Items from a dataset
+---+
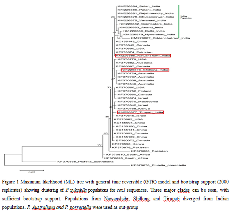 Three major clades can be seen, with sufficient bootstrap support. Populations from Nawanshahr, Shillong and Tirupati diverged from Indian populations. P. Australiana and P. porrectella were used as out-group.
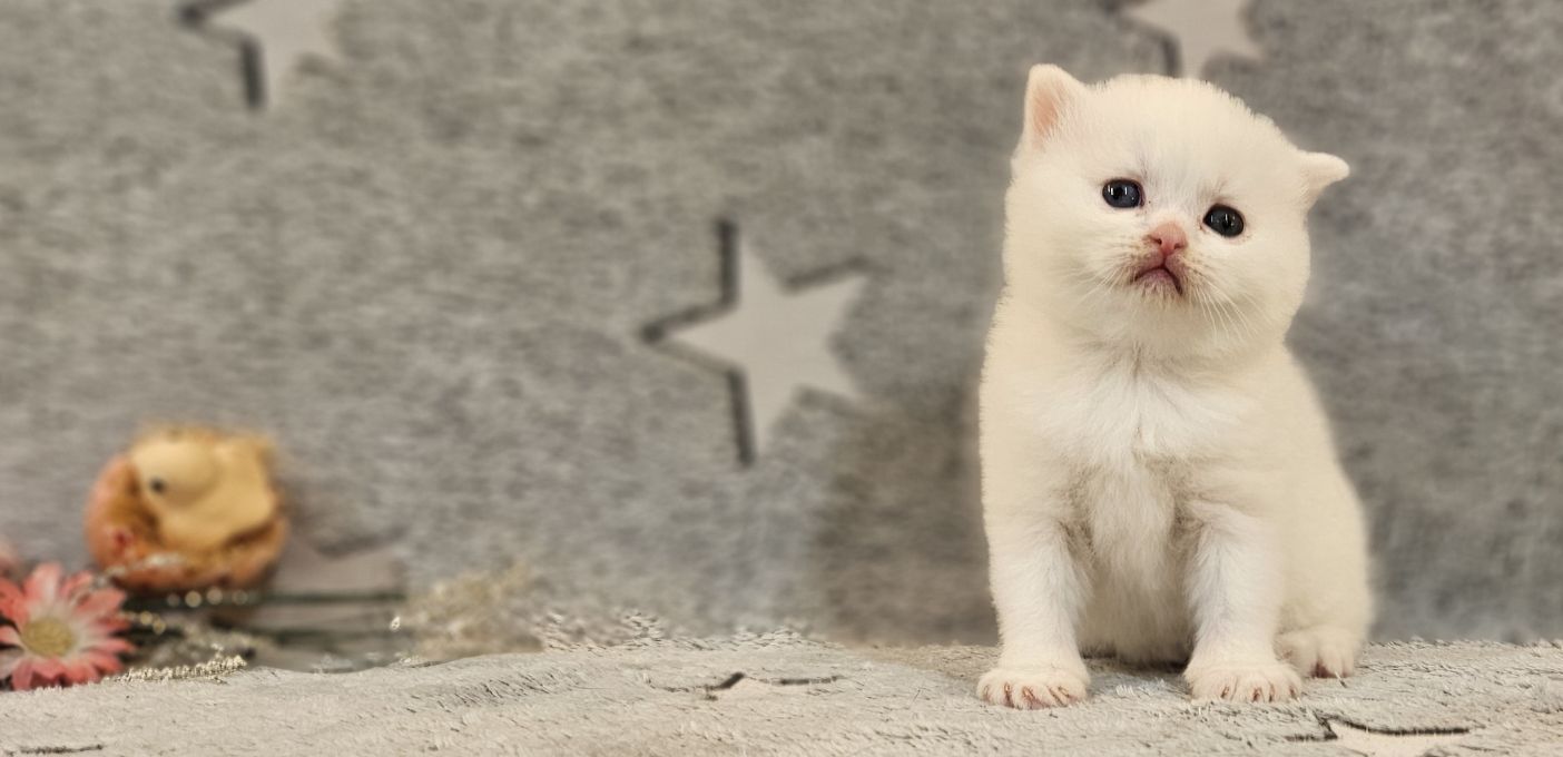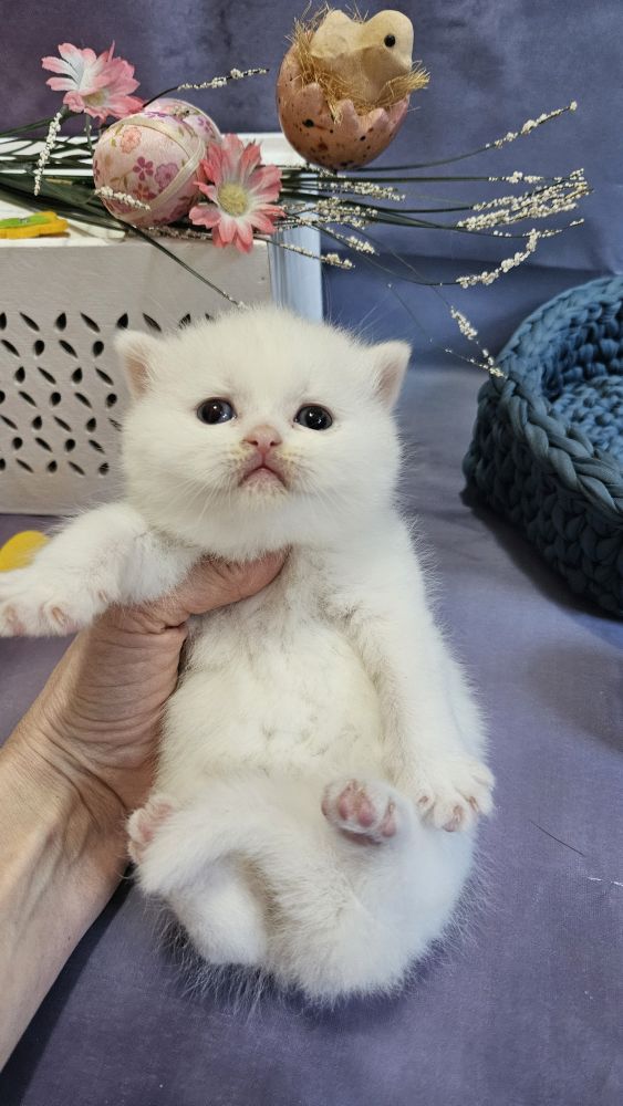 Brit rövidszőrű  felemás szemű hófehér törzskönyves kiscica gyönyörű törzskönyves szülőktől. Leghamarabb 12 hetesen költözhet, oltva,   féreghajtva, chippel, alomra szoktatva, szerződéssel, számlával.   A szülők negatív tesztekkel rendelkeznek.  A cicák lakásban élnek, szabadon , családtagok, szocializáltak. A cica költözésénél a szállításban Szeged-Budapest  útvonalon tudunk segíteni.
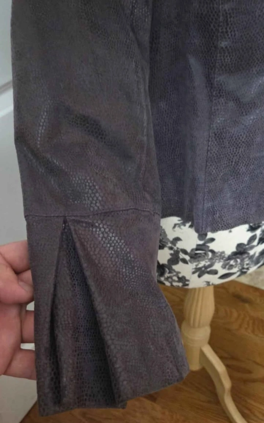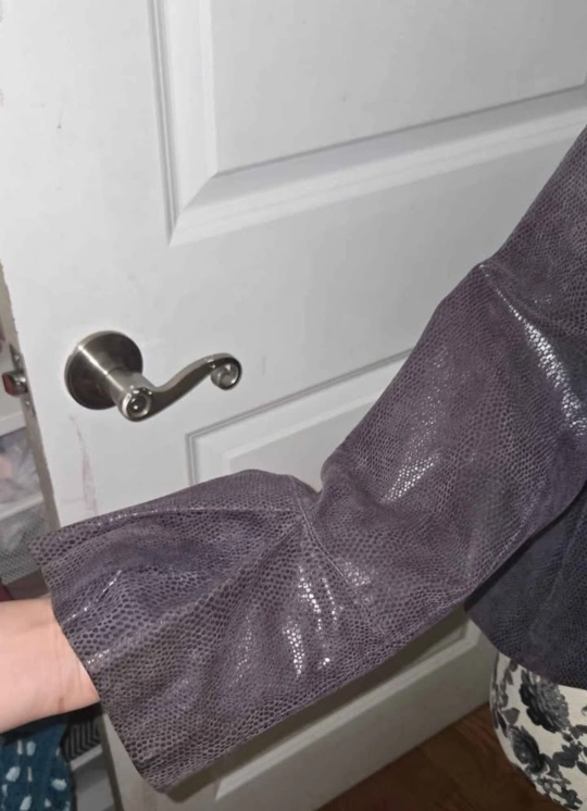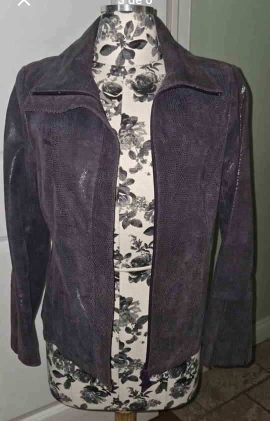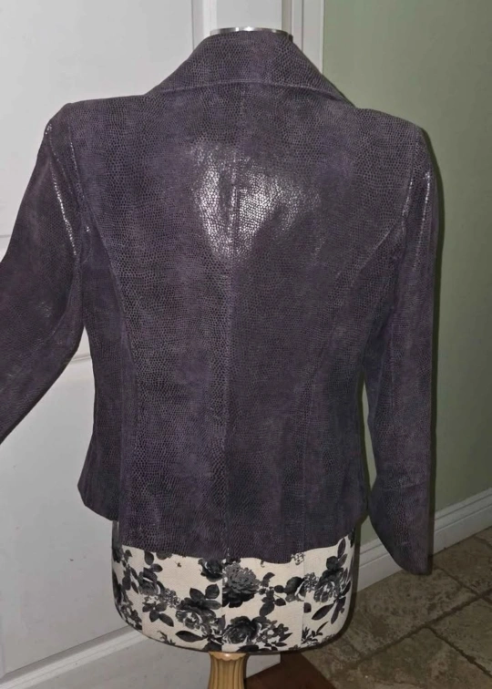 22Selling a nice purple leather jacket. It's a size small and made of genuine leather. The jacket is in perfect condition and has a unique snakeskin pattern. Good for adding a bit of edge to your wardrobe!
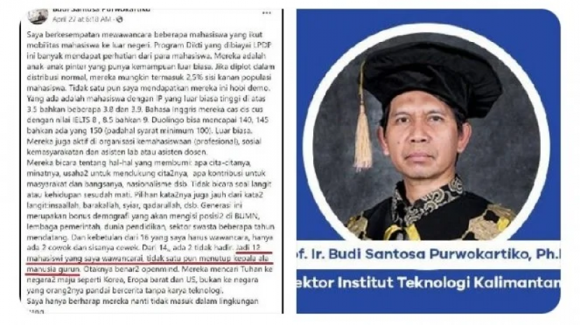 Rektor Institut Teknologi Kalimantan ( ITK) Prof Budi Santoso Purwokartiko panen hujatan tulisannya yang menyinggung pakaian penutup kepala mirip manusia gurun. Foto: tangkapan layar. KURUSETRA — Polemik Prof Budi Santosa Purwokartiko yang menyebut "penutup kepala seperti manusia gurun" dalam sebuah tulisannya di media sosial, menyeret nama Institut Teknologi Kalimantan (ITK). Budi dilantik menjadi Rektor ITK […]
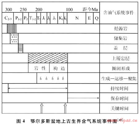 常規(guī)天然氣的成藏演化過程一般經(jīng)歷3個階段:生成階段、運移和聚集階段、保存和破壞階段。氣藏演化不一定經(jīng)歷晚期抬升過程,烴源巖、儲層和蓋層等靜態(tài)要素和天然氣生成、運移、圈閉形成和成藏等過程的動態(tài)地質(zhì)作用的最佳時空匹配是其成藏的關(guān)鍵。如鄂爾多斯盆地上古生界天然氣成藏要素及地質(zhì)作用的最佳匹配時間(關(guān)鍵時刻)是早侏羅世和晚白堊世[40](圖4)。
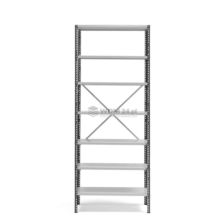 Regał z 2 stężeniami bocznymi i stężeniem tylnym dla dodatkowej stabilności. Wyposażony w regulowane półki ze spawanymi szynami wzmacniającymi. Nasz stabilny regał wykonano z blachy stalowej lakierowanej proszkowo. Wykończenie lakierem proszkowym zapewnia optymalną wytrzymałość i odporność na uderzenia. Doskonały w szczególności do magazynów. Sprawdzi się także w biurach itp. Półki wyposażono w spawane szyny wzmacniające, dzięki którym każda półka wytrzymuje maksymalne obciążenie 170 kg. Montaż regału wymaga śrub. Półki można montować na dowolnej wysokości oraz przestawiać w górę i w dół zgodnie z potrzebą. Słupki wyposażono w plastikowe stopki, które chronią podłogę przed uszkodzeniami. System regałów można łatwo rozbudować w poziomie przy pomocy dowolnej liczy modułów dodatkowych (sprzedawane oddzielnie, patrz akcesoria).
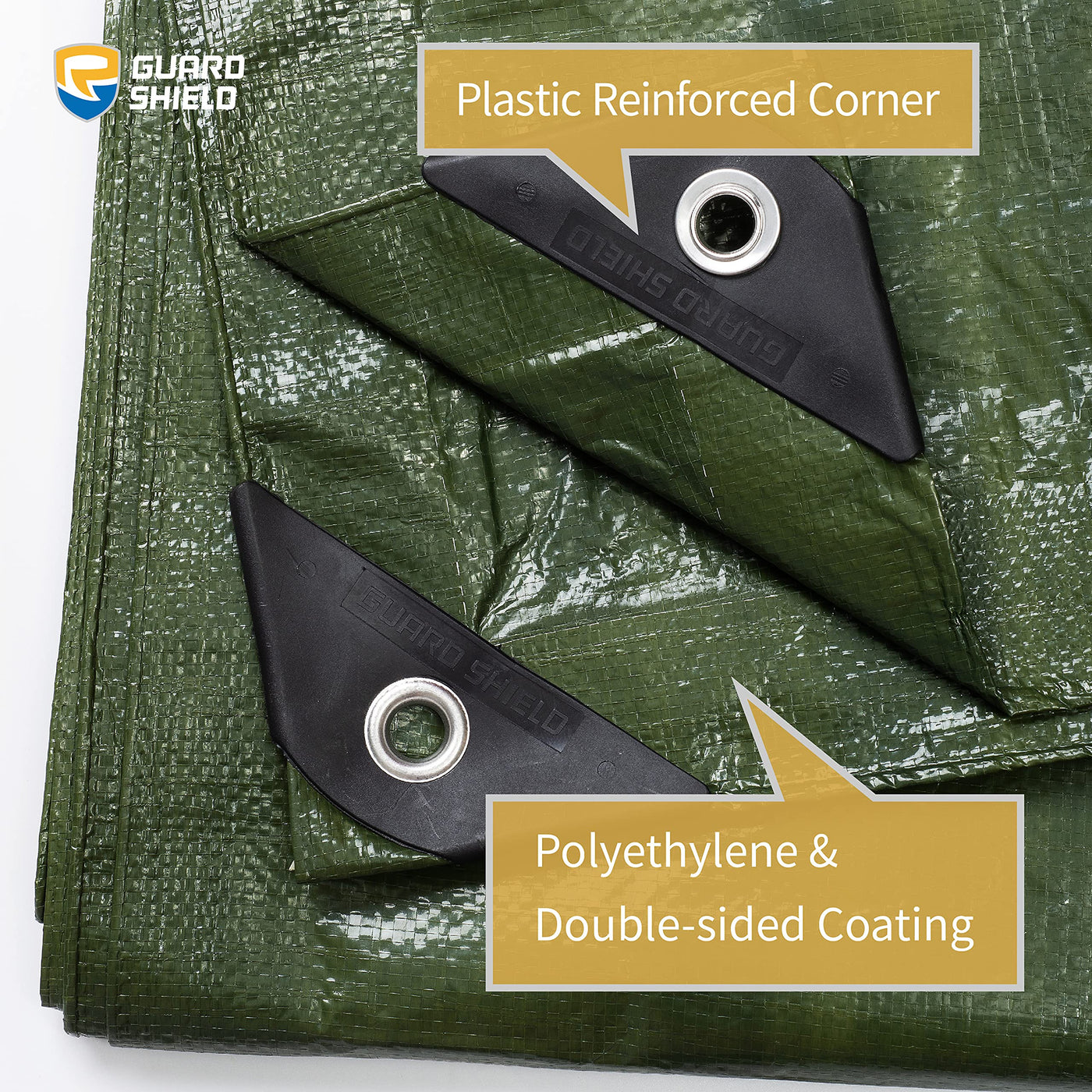 Q: What types of items can I cover with this tarp?A: You can use the GUARD SHIELD Green Tarp to cover a variety of items including vehicles, outdoor furniture, pool equipment, and even as a shelter for camping, making it a versatile choice for many applications.
+---+
INSTRUCTIONS FOR THE TASK :: From the records above, write out exactly the lines that begin at the line with "22Selling a nice" and end at the line with "常規(guī)天然氣的成藏演". Pictures must not appear in the output.

SOLUTION TO THIS PROBLEM ::
 22Selling a nice purple leather jacket. It's a size small and made of genuine leather. The jacket is in perfect condition and has a unique snakeskin pattern. Good for adding a bit of edge to your wardrobe!
 Rektor Institut Teknologi Kalimantan ( ITK) Prof Budi Santoso Purwokartiko panen hujatan tulisannya yang menyinggung pakaian penutup kepala mirip manusia gurun. Foto: tangkapan layar. KURUSETRA — Polemik Prof Budi Santosa Purwokartiko yang menyebut "penutup kepala seperti manusia gurun" dalam sebuah tulisannya di media sosial, menyeret nama Institut Teknologi Kalimantan (ITK). Budi dilantik menjadi Rektor ITK […]
 常規(guī)天然氣的成藏演化過程一般經(jīng)歷3個階段:生成階段、運移和聚集階段、保存和破壞階段。氣藏演化不一定經(jīng)歷晚期抬升過程,烴源巖、儲層和蓋層等靜態(tài)要素和天然氣生成、運移、圈閉形成和成藏等過程的動態(tài)地質(zhì)作用的最佳時空匹配是其成藏的關(guān)鍵。如鄂爾多斯盆地上古生界天然氣成藏要素及地質(zhì)作用的最佳匹配時間(關(guān)鍵時刻)是早侏羅世和晚白堊世[40](圖4)。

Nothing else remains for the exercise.